> Work to complete:
Retype the records word for word. Skip every image.

> The input:
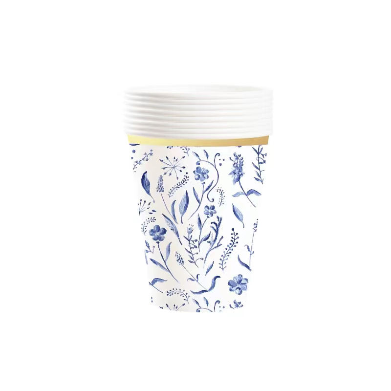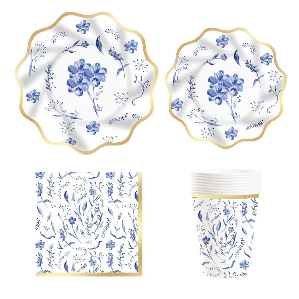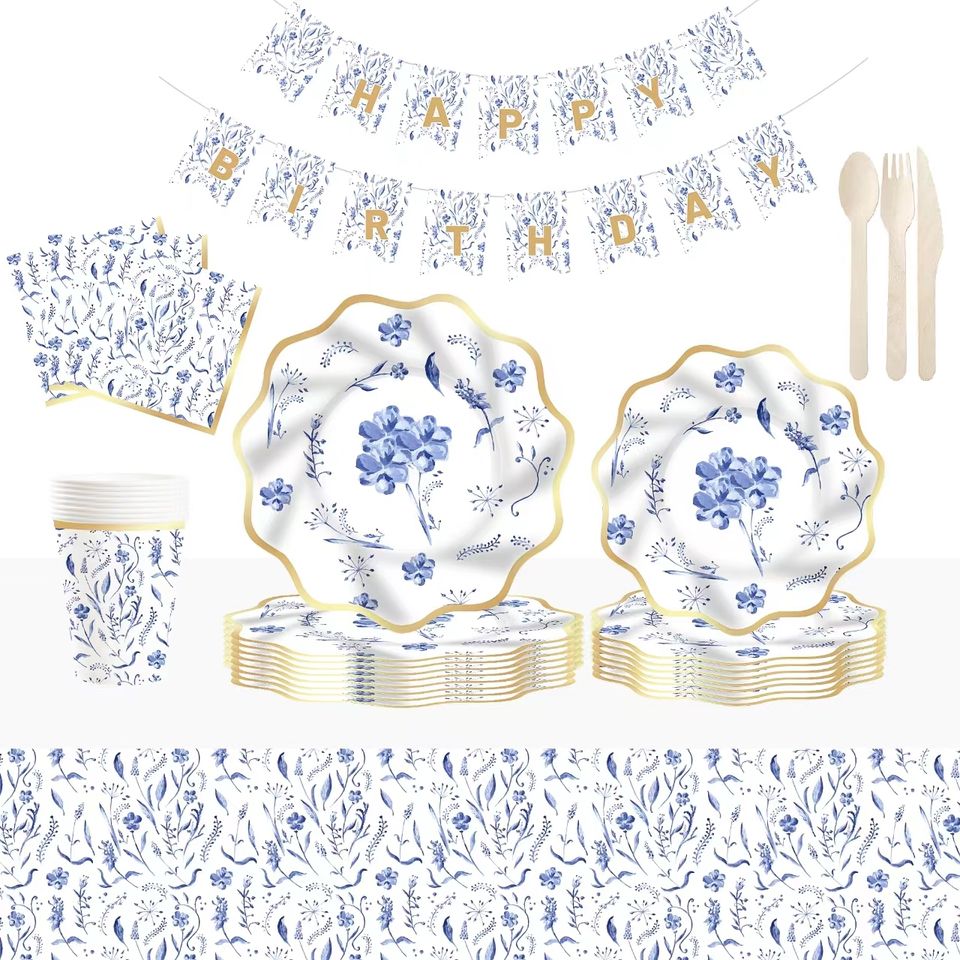 ชุดอุปกรณ์จัดเลี้ยงธีมดอกไม้สีฟ้า DAMAI ชุดจานกระดาษลายปั๊มร้อนสำหรับงานเลี้ยงน้ำชา พร้อมผ้าเช็ดปาก แก้ว และชุดภาชนะสำหรับรับประทานอาหาร
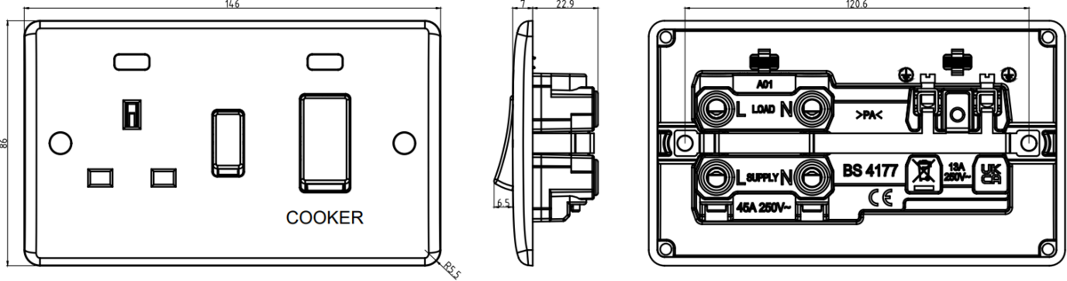 Knightsbridge 45A DP Switch & 13A Socket with Neons features
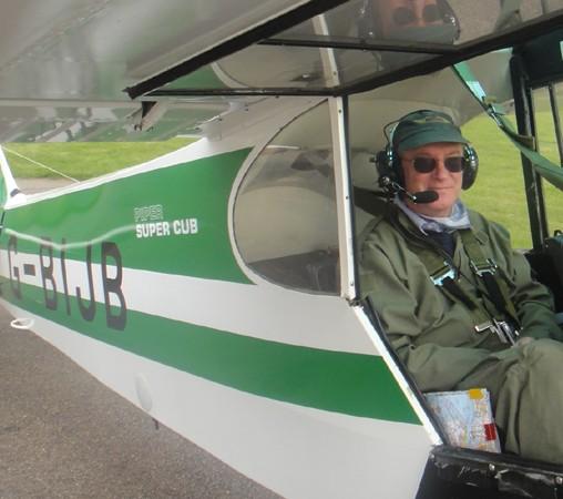 Serge dans le Piper Super Cub de Maurice à l’aérodrome de Stapleford après notre retour de Sywell (3 septembre 2011).
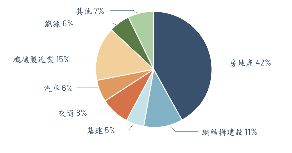 從宏觀角度來看,鋼鐵行業的前景將進一步受到抑制。中國的疫情後經濟復甦速度慢於預期,對鋼鐵產業帶來了挑戰。中國房地產業是鋼鐵的主要消費者之一,由於主要房地產公司的財務困境,目前正面臨重大阻力。部分企業面臨破產風險,其他企業則掙扎於違約風險或利潤損失,導致房地產行業對鋼鐵的需求大幅下降。46 該行業在2022年占中國鋼鐵總消費量的42%。47
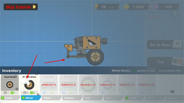 2、在戰(zhàn)車建造界面,從inventory中選擇部件組裝戰(zhàn)車,打造個性化戰(zhàn)斗車輛。

> Output:
 ชุดอุปกรณ์จัดเลี้ยงธีมดอกไม้สีฟ้า DAMAI ชุดจานกระดาษลายปั๊มร้อนสำหรับงานเลี้ยงน้ำชา พร้อมผ้าเช็ดปาก แก้ว และชุดภาชนะสำหรับรับประทานอาหาร
 Knightsbridge 45A DP Switch & 13A Socket with Neons features
 Serge dans le Piper Super Cub de Maurice à l’aérodrome de Stapleford après notre retour de Sywell (3 septembre 2011).
 從宏觀角度來看,鋼鐵行業的前景將進一步受到抑制。中國的疫情後經濟復甦速度慢於預期,對鋼鐵產業帶來了挑戰。中國房地產業是鋼鐵的主要消費者之一,由於主要房地產公司的財務困境,目前正面臨重大阻力。部分企業面臨破產風險,其他企業則掙扎於違約風險或利潤損失,導致房地產行業對鋼鐵的需求大幅下降。46 該行業在2022年占中國鋼鐵總消費量的42%。47
 2、在戰(zhàn)車建造界面,從inventory中選擇部件組裝戰(zhàn)車,打造個性化戰(zhàn)斗車輛。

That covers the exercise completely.